Data extract START
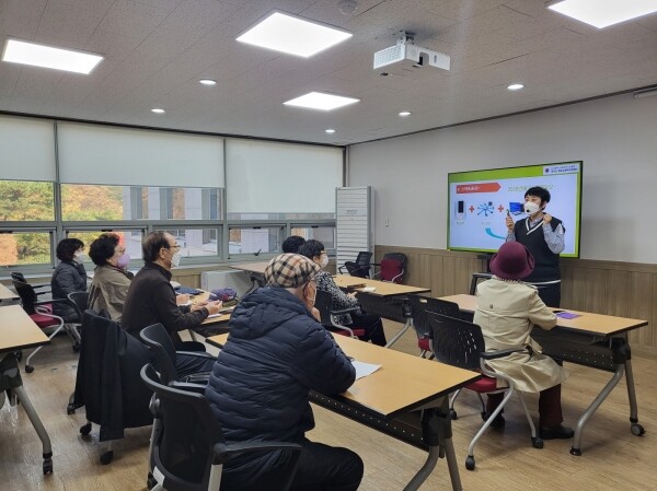 교육에 참석한 경로당 이용 어르신들은 스마트폰을 들고 열심히 따라했으며 키오스크 사용법도 익혔다.
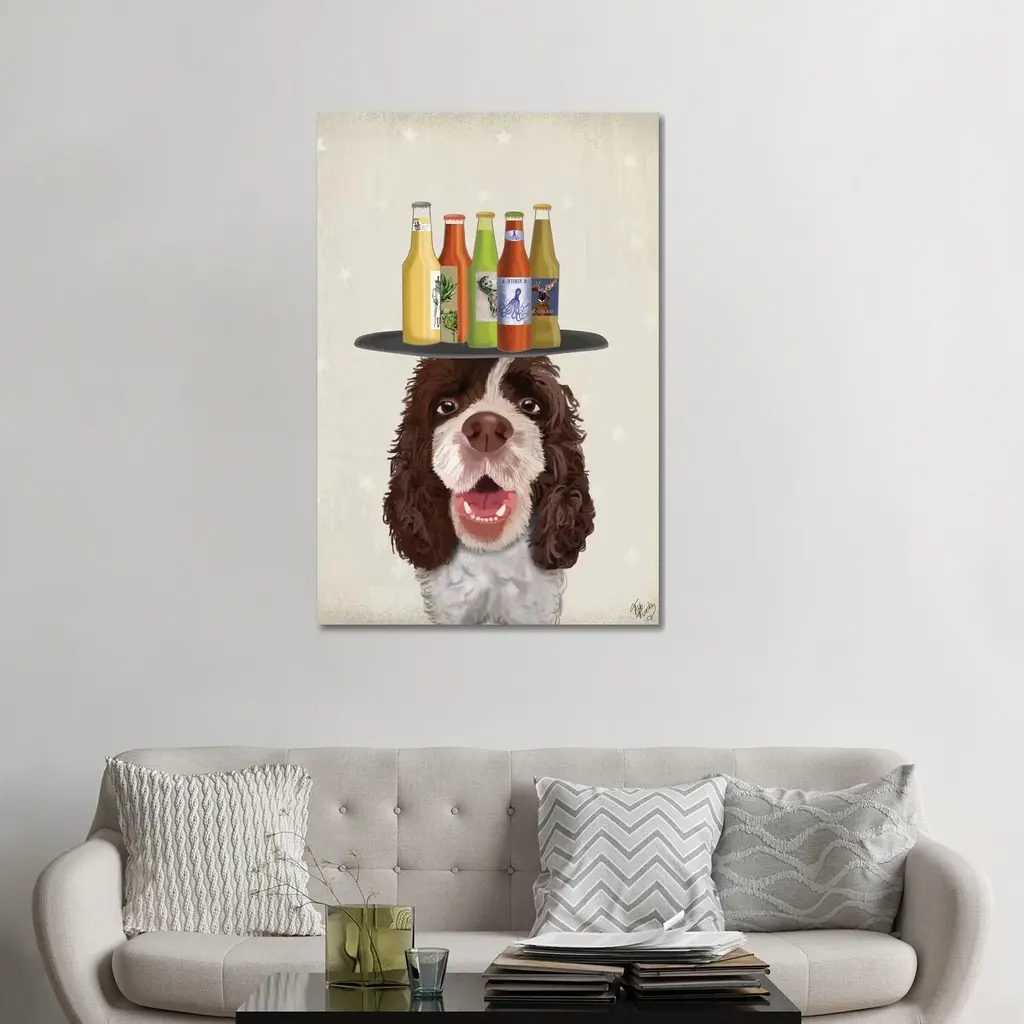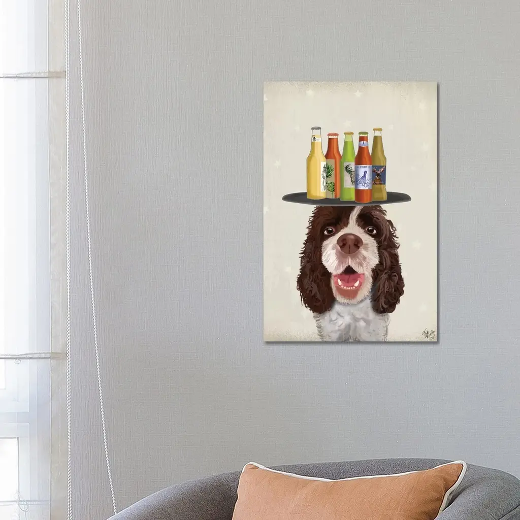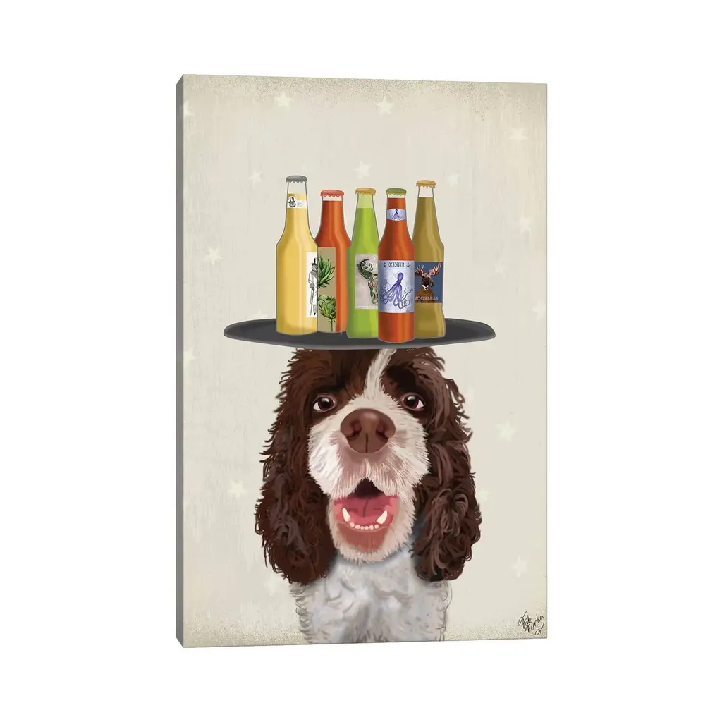 Icanvas "Springer Spaniel Brown White Beer Lover" By Fab Funky Canvas Print - 12x8x0.75
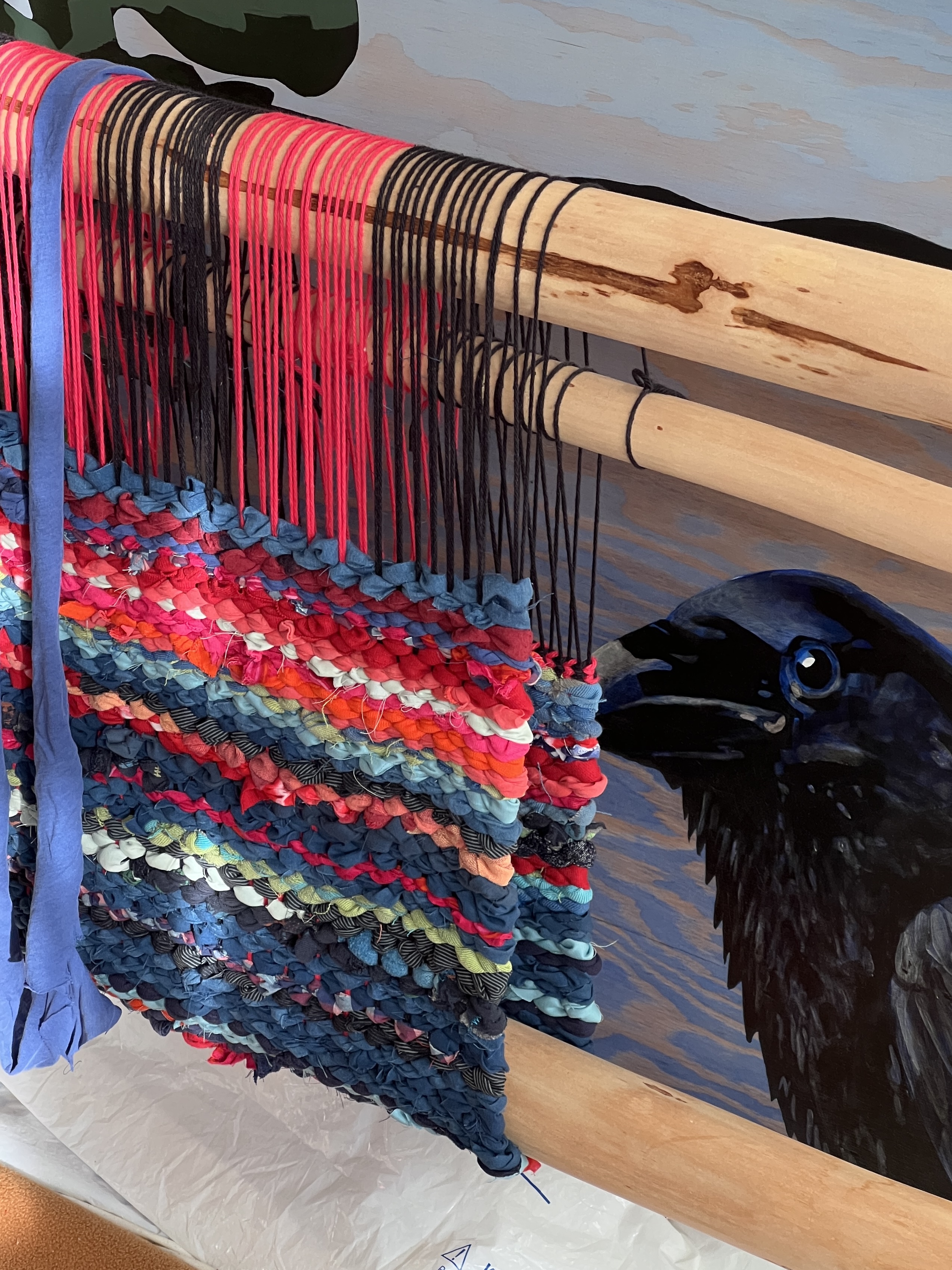 I am weaving on a Salish-style floor loom I built from alder trees I (honourably) harvested. I hope to meet others who love water and perhaps have water-honouring practices or stories to share. Also, my mother was a weaver. I will hold a space for you in our circle.
Data extract END
What the task requires: From the first line to the last, return the material above exactly, apart from the pictures.

Finished task:
 교육에 참석한 경로당 이용 어르신들은 스마트폰을 들고 열심히 따라했으며 키오스크 사용법도 익혔다.
 Icanvas "Springer Spaniel Brown White Beer Lover" By Fab Funky Canvas Print - 12x8x0.75
 I am weaving on a Salish-style floor loom I built from alder trees I (honourably) harvested. I hope to meet others who love water and perhaps have water-honouring practices or stories to share. Also, my mother was a weaver. I will hold a space for you in our circle.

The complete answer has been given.